A few years ago I purchased a Miller, Millermatic Challenger 172, along with the bottle attachment for Argon,Carbon Dioxide gas. I've used it both in the flux core mode and the gas mode and agree that once you've used the gas mode, it's difficult to go back to the flux core. This uses 0.30 wire and I've welded up to a quarter inch in a single pass. Just recently I bought the rest of the stuff (another gun and aluminum wire and helium bottle) so that I can do heliarc aluminum welding with it. Even that works great! If you only need to do some little things than yes, a 120VAC welder will probably fit the bill.

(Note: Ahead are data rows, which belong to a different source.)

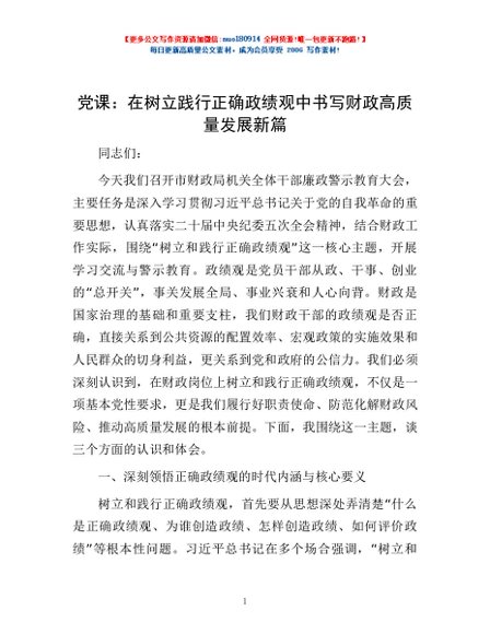 / 党课:在树立践行正确政绩观中书写财政高质量发展新篇
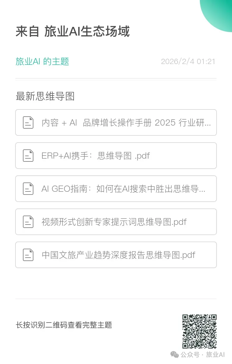 (旅业AI知识库内容过于多,三年旅业AI实践的总结,建议收藏,慢慢找自己需要的,没权限的加管理员备注公司+姓名职位并入群申请同意)链接暂时含旅业AI总知识库的20%-30%左右的内容,有时间会不断更新,不断开源
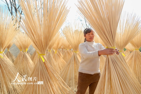 近年来,长兴县积极推动毛竹资源转化与精深加工,将竹材制成竹筷、竹帘、竹椅、凉席等产品,带动村民增收,助力乡村振兴。陈海伟摄(人民图片网)
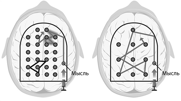 В качестве примера посмотрите на верхнюю «мысль», которую пинбол-автомат поначалу перебрасывает с места на место на левой иллюстрации. Эта мысль очень далека от нижнего участка мыслей и никак с ним не соединена. Обратите внимание: часть «верхнего» участка мысли движется по широким дорожкам – это значит, что нечто подобное вы уже обдумывали. Нижняя часть – новая мысль: под ней нет широких протоптанных путей.
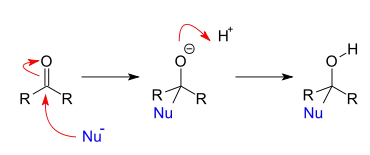 Реакции нуклеофильного присоединения по связи С=С довольно редки, наибольшее распространение и практическое значение имеет присоединение по связи С=O[2]:
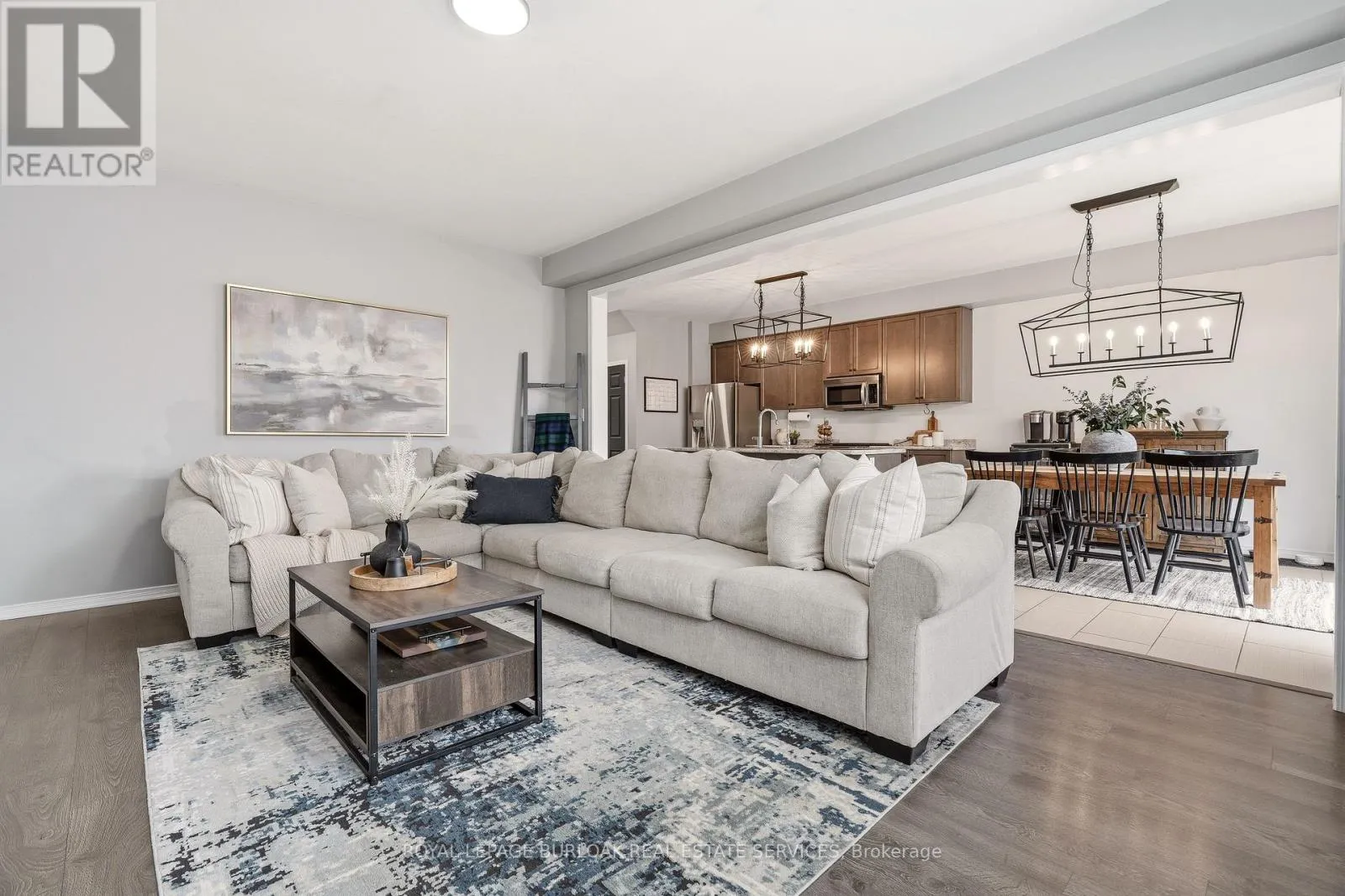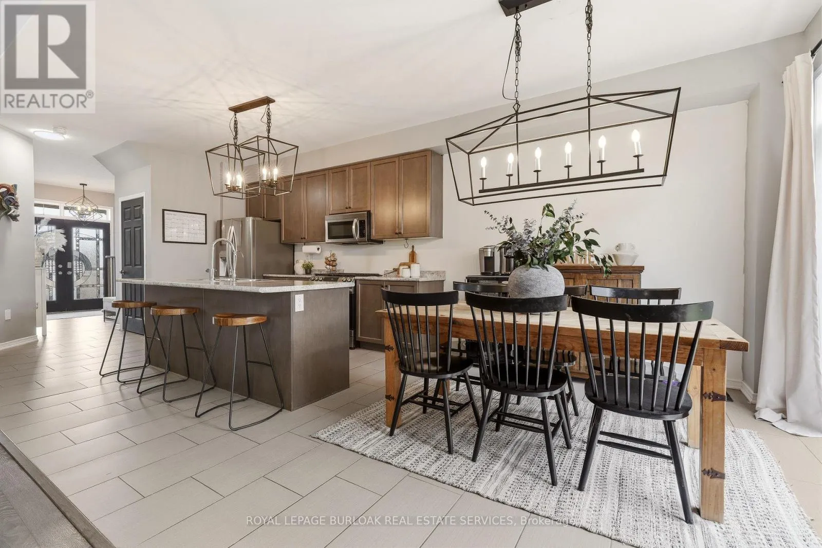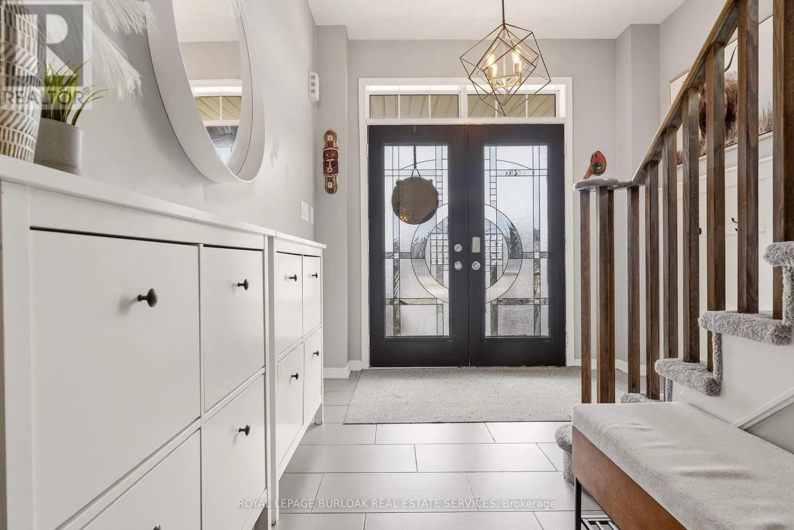 Cross Streets: Arnold Marshall/McClung. ** Directions: From McClung turn west onto Arnold Marshall Blvd. turn left on the first street, Michael John Ave. then turn left on Larry Crescent. Welcome to 105 Larry Crescent, where riverside living meets small-town charm just steps from the Grand River. This gorgeous four-bedroom home is designed with modern layouts, open-concept living, and high-quality finishes tailored to today's lifestyle. Step into a bright, expansive foyer with soaring ceilings and a new custom double- glass door entry. The entry is enhanced with a stylish panelled feature wall, complete with a coat hook area and shoe cabinetry, creating a functional and welcoming space. Most of the lighting throughout the home has been upgraded, adding a warm and contemporary feel. From the foyer, the layout flows seamlessly into the gourmet kitchen and sunlit breakfast area. The kitchen showcases stainless steel appliances, a centre island with new pendant lighting, and a walkout to the backyard. Open to the kitchen, the expansive family room features a striking feature wall-perfect for entertaining family and friends. Additional highlights on the main level include a spacious powder room, new entry feature walls, and a double-car garage equipped with an EV charger. With no homes directly across the street, natural light floods the interior, enhancing the home's airy atmosphere. Upstairs, the luxurious primary suite offers a peaceful retreat with distinct sleeping and sitting areas, a large walk-in closet, and a spa-inspired five-piece ensuite with a soaker tub and separate shower. Three additional bedrooms provide generous space for family, guests, or a home office. Situated in a thoughtfully developed neighbourhood by Empire Communities, this home offers a lifestyle that embraces the Grand River, with opportunities for kayaking, boating, fishing, and enjoying the natural beauty of Caledonia every day. 105 Larry Crescent combines modern comforts with custom upgrades. Don't miss your chance to make this stunning property your dream home! (id:27476)
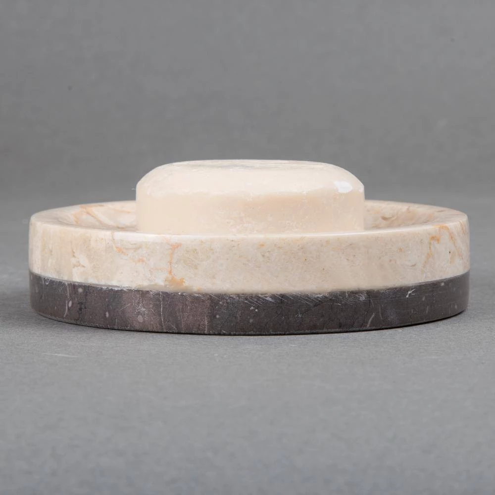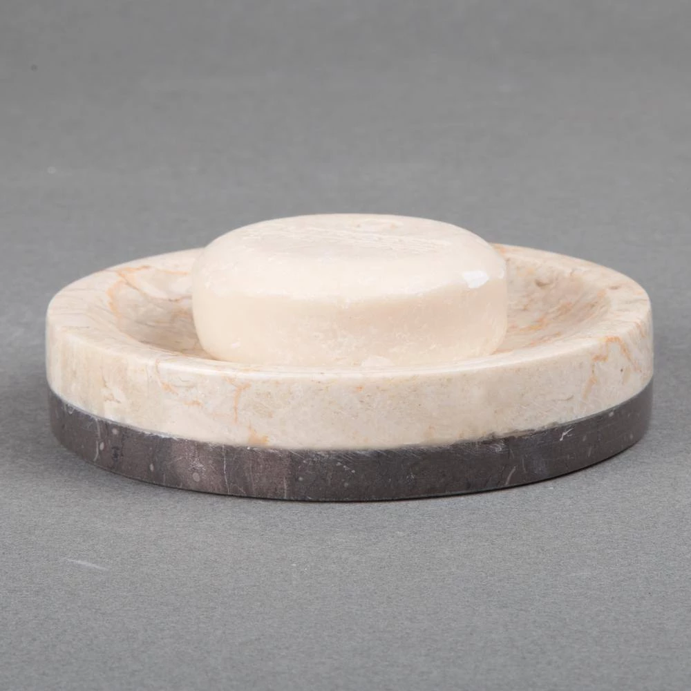 beautiful Inverary Banded soap dish works well with contemporary and traditional decor. Made of champagne colored natural marble. Easy to clean.
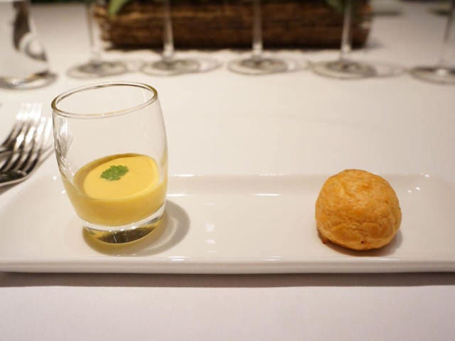 まず、アミューズブーシュとして登場したのが「サーモンのグジェールとパプリカのピューレ」。グジェールと呼ばれるチーズ風味のシュー皮の中に、香草でマリネしたサーモンがはいっていて食感の違いが楽しく、パプリカのピューレがさっぱりとしていて優しい味。
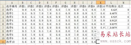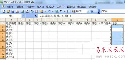 1、我們新建一個工作表,命名為評分表,按照下圖的格式設置好表頭,單元格A1為選手編號,B1中為評委1,用自動填充的方法完成評委2至評委10的數據,B1:K1對應為評委1到評委10。在L1中輸入平均得分,M1中輸入名次。
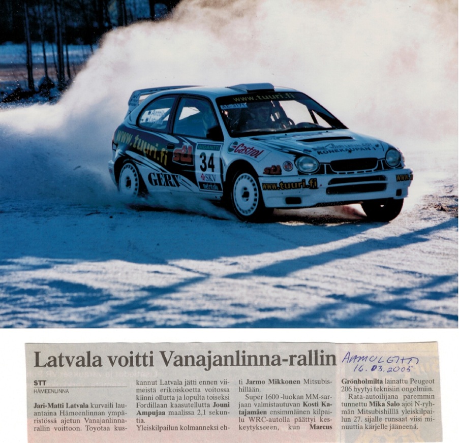 It was great to return to WRC for a long time. First three stages were excellent, except on 2nd stage I braked little too much. As we arrived to service hault we were leading. There was only small gab between us and Kosti Katajamäki and Jouni Ampuja. On stage 4 we suffered from snow dust, because weather was calm. That´s why we tried to tape the lights, but it didn´t help at all. After SS5 there was 16 second deficit to Jouni Ampuja, who set a benchmark on that stage. I thought already that we are going to loose all possibilites to victory. I decided anyway to go flat out and give everything I had. A surprise waited us in the finish. Jouni Ampuja had glid off the road and lost lots of time, so we were the winners. Victory felt enormously good.
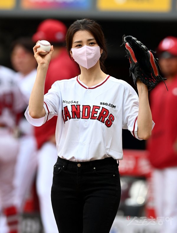 22일 인천 SSG 랜더스필드에서 ‘2022 신한은행 SOL KBO리그’ SSG 랜더스와 두산 베어스의 경기가 열렸다. 배우 박하선이 시구에 앞서 포즈를 취하고 있다.
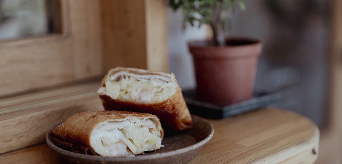 回到潤餅店後,他想創造出屬於自己的產品。「家裡賣的是傳統潤餅,備料很繁瑣,我想做出一種可以一人作業、又能保留風味的潤餅形式。」於是他將餅皮技藝轉化成「煎炸春捲」,加入蛋、菜與肉,強調現點現做、保留酥脆與香氣。
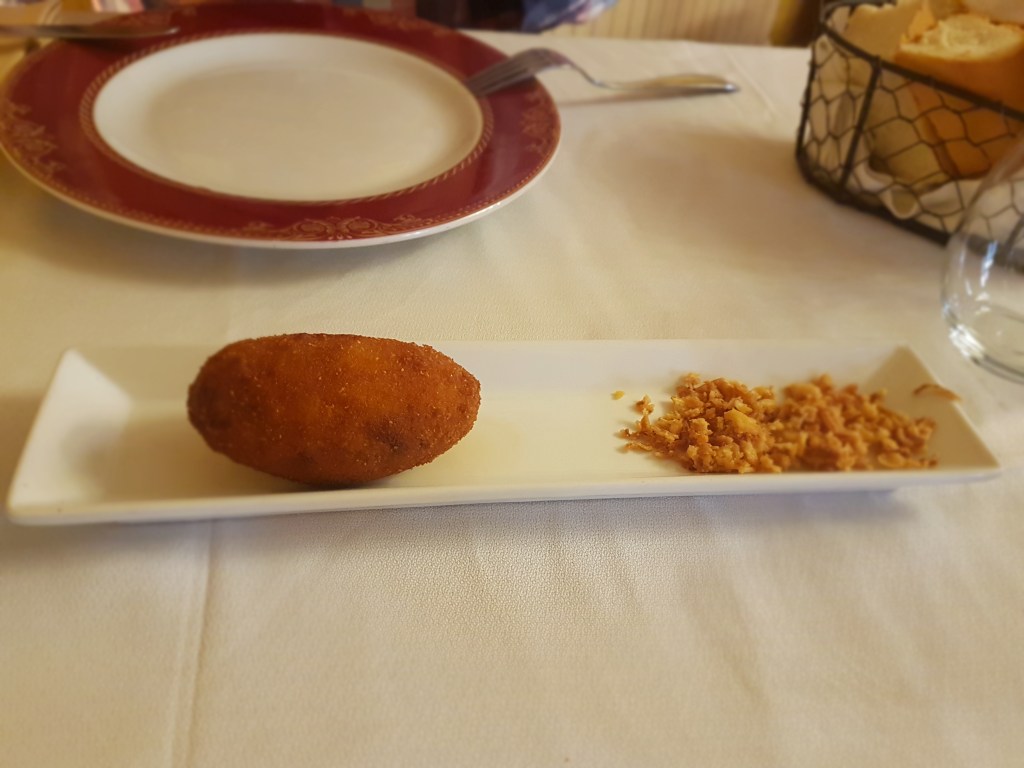 ¡¡¡¡Todo buenísimo!!! los rollitos de cecina, la croqueta que no consigo acordarme de qué era y esas chuletillas,… ¡Soy capaz de recordar su sabor! Teníamos el restaurante sólo para nosotros y un buen vino. ¡MOMENTO PERFECTO!
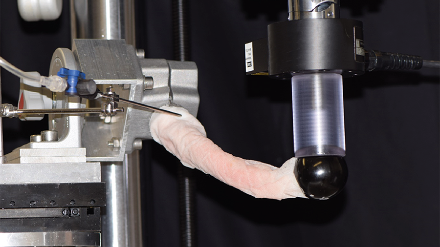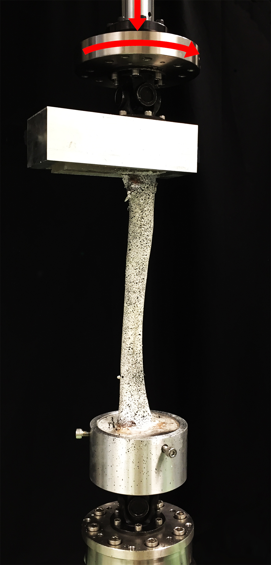 Each specimen was first biomechanically preloaded at 1 Hz over 2000 cycles in superimposed synchronous axial compression to 1800 N and internal rotation to 11.5 Nm (Fig 1). Next, internal rotation to failure was applied over an arc of 90° within 1 second under 700 N axial load. Torsional stiffness as well as torque, angle, and energy at failure were evaluated. Digital image correlation analysis was performed by means of stereographic optical measurements using a contactless full-field deformation technology to calculate the strain at the fracture site. Fracture patterns were analyzed.
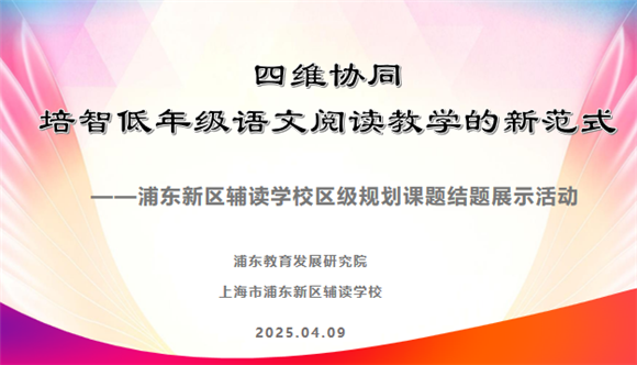 2025年4月9日上午,一场以“学科素养视域下培智学校低年级生活语文阅读教学”为主题的区级规划课题结题展示活动在浦东新区辅读学校成功召开。本次活动中,课题组以“四维协同”教学策略为核心,通过课堂实践、研究汇报与案例分享,展现了特殊教育领域阅读教学的创新成果与深刻思考。

Otherwise look at a 240VAC welder... such as mentioned above. Here's a link for the equivalent machine no days:

http://www.millerwelds.com/products/mig/millermatic_180/

Oh, before getting the heliarc stuff, I had about $1100 into my out fit... including one of those new fancy helmets. The heliarc stuff cost be about $350 more.

Take Care,

Tripp


----------



## HTQM (May 31, 2006)

BBB,

Scott brings up a good point, not sure of the thickness on the robotics you talked about but I would think TIG would be the way to go. The machine will cost you a bit more due to AC/DC and High Frequency but it will do everything else as well. This will give you a lot more control especially if you get the foot or hand amp control (I really prefer the foot). I would think a water cooled torch would be the way to go also. Like I said though, the machine will cost you more from the kiddy-up, well worth it in the long run.

Carey brought up a machine that took me down memory lane, the Sears. As far back as I can remember Dad had a Sears & Roebuck (sp) 220v machine, even had the "pipe thaw" setting, it lasted him till well after I jopined the Navy.

I'm kinda like Bob, been a certified welder for the Navy since '86. TIG and stick, only qualified for MIG on job specific as we don't do a lot of it. Now I teach the young'ns coming in how to cheat... I mean hide things from.... I mean how to properly pass non-destructive testing.

Dave

Your mileage may vary, batteries not included.


----------